▶ **Prompt**:
In the records below, find the line with "The front of", then copy each line exactly until you have copied the line with "外運![]() | 宇田川蘭心さんの外運は15画の4つ星!人徳があり出世する。順調に物事を進め円満な人生。". Leave any picture out.

Items from a data source

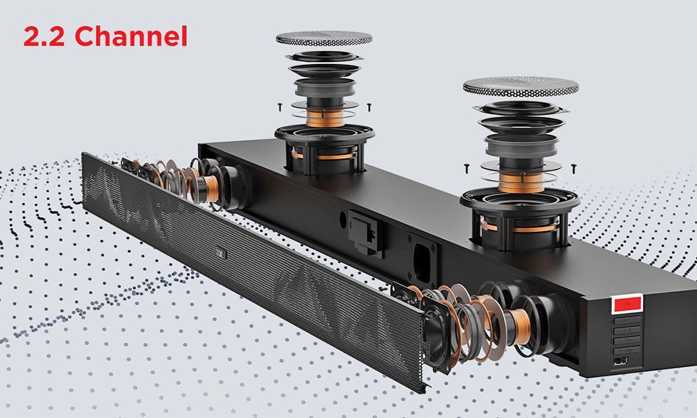 | Key Features | Built in Sub Woofer BT v5.0, AUX, USB, HDMI(ARC) Interior Enhancing Design Master Remote Control EQ Modes: Movies, Music, News 2.2 Channel 100 Watt RMS Output |
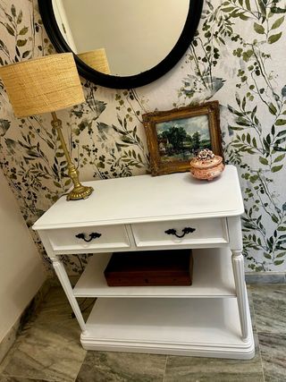 Elegante mesa con estructura de forja y detalles en madera pintada a mano. En blanco roto. - Motivos decorativos únicos. - Diseño artesanal. PRECIO NEGOCIABLE. VENTA SOLO EN PERSONA NO ENVÍO SE VENDE SOLAMENTE MESA, NO SE ENTRAN EN EL LOTE, NI LOS ADORNOS ENCIMA DE LA MESA NI DEBAJO EN EL SUELO.
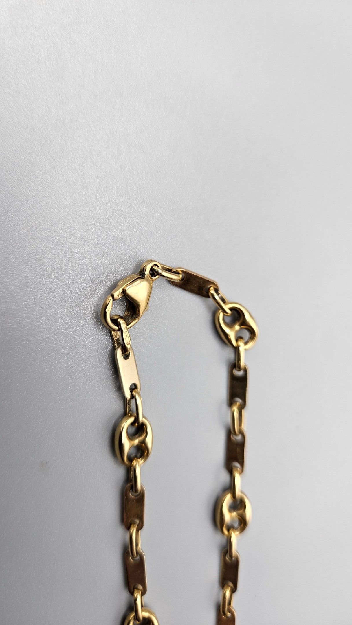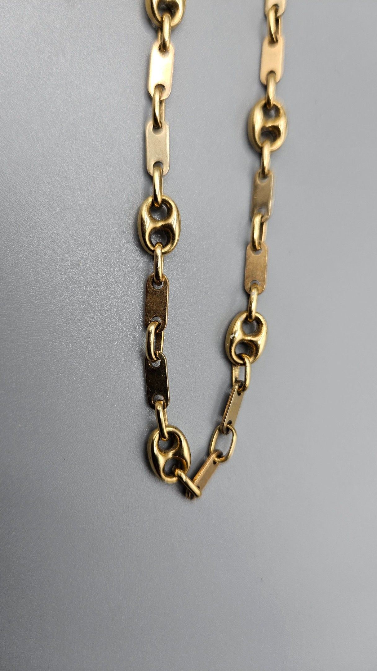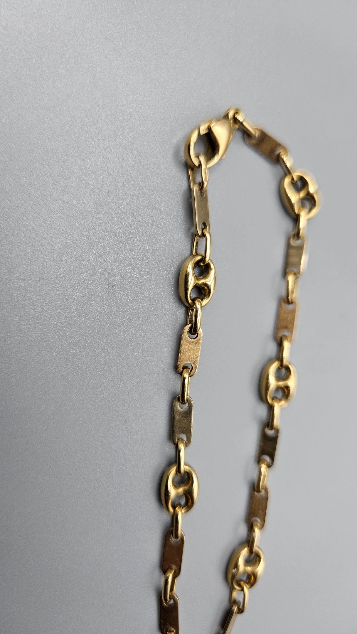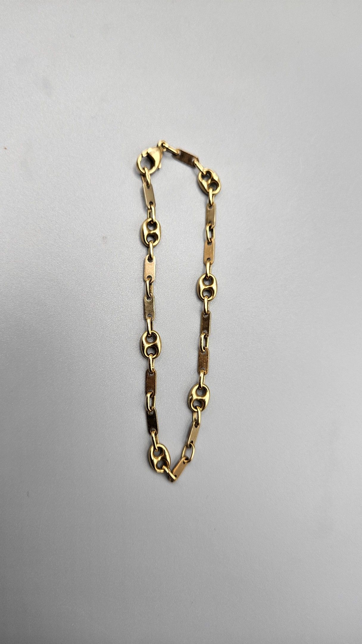 Bracelet ouvrant en or (en règle) à mailles grains de café alternées de plaquettes. Fermoir mousqueton. 7,4 gr
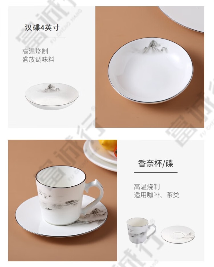 商品名称:【精选】富诚行(FCH)(GBHX) 陶瓷碗盘套装 餐具套装 陶瓷餐具 碗碟套装 秀丽山河系列 摆台十件套
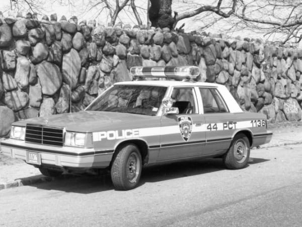 The major squad cars of the 1980s were Chrysler's St. Regis/Gran Fury. This photo is from 1986.
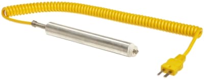 The Oakton Surface probes offer dual spring tips to provide positive contact with flat or slightly irregular surfaces. Include a 5-ft PVC coiled cord with strain relief that protects from repeated flexing and tugging. Ergonomic, easy-grip 5"L glass-filled nylon handle (unless noted below) provides maximum heat insulation and impact resistance. Finger stops on handle prevent probe from rolling and fingers from sliding when inserting probe into hard materials. The 316 stainless steel sheath (shaft casing) provides durability, strength, and maximum abrasion resistance. Rugged thermoset plastic miniconnector is compatible with all Oakton and Acorn thermocouple thermometers. Temperature Range: Range:–418 to 1200°F (–250 to 649°C); Junction: exposed; isolated; Response time: 30 sec; Dimension: 4.5" Tip Length; 0.63" diameter. These probes feature a rugged thermoset plastic mini connector and are compatible with all Oakton Digi-Sense and Acorn thermocouple thermometers. Connectors and cord are color-coded based on thermocouple type: type K yellow.
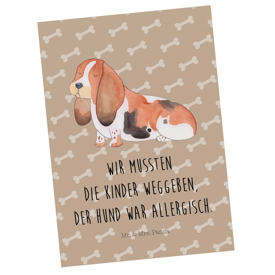 The front of this postcard features a beautifully designed Basset Hound, lovingly illustrated by Mrs. Panda. Imagine your loved ones receiving this thoughtful card, perhaps featuring the humorous slogan "We had to give the kids away. Our dog was allergic." This lighthearted phrase perfectly captures the essence of dog ownership and brings an element of fun to the gift-giving experience. Alternatively, a version without text is also available for those who prefer to pen their own thoughts.
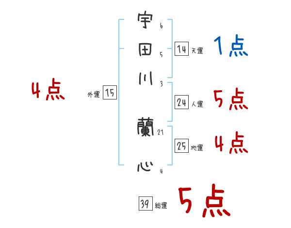 外運![]() | 宇田川蘭心さんの外運は15画の4つ星!人徳があり出世する。順調に物事を進め円満な人生。 生活面を象徴する運勢です。外部から受ける影響力を表し、結婚運、家庭運や職場、環境への順応性を表します。 |
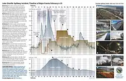 In February 2017, extreme precipitation and high spillway releases caused significant damage to the main concrete spillway. Due to this damage, releases were cut back and lake level increased to 101% of capacity, causing the emergency spillway to overflow for the first time in the Lake's history.[12] Below the emergency spillway, severe erosion occurred, and fear of a failure of the emergency spillway prompted an evacuation of downstream residents.[13]

▶ **Output of the exercise**:
 The front of this postcard features a beautifully designed Basset Hound, lovingly illustrated by Mrs. Panda. Imagine your loved ones receiving this thoughtful card, perhaps featuring the humorous slogan "We had to give the kids away. Our dog was allergic." This lighthearted phrase perfectly captures the essence of dog ownership and brings an element of fun to the gift-giving experience. Alternatively, a version without text is also available for those who prefer to pen their own thoughts.
 外運![]() | 宇田川蘭心さんの外運は15画の4つ星!人徳があり出世する。順調に物事を進め円満な人生。 生活面を象徴する運勢です。外部から受ける影響力を表し、結婚運、家庭運や職場、環境への順応性を表します。 |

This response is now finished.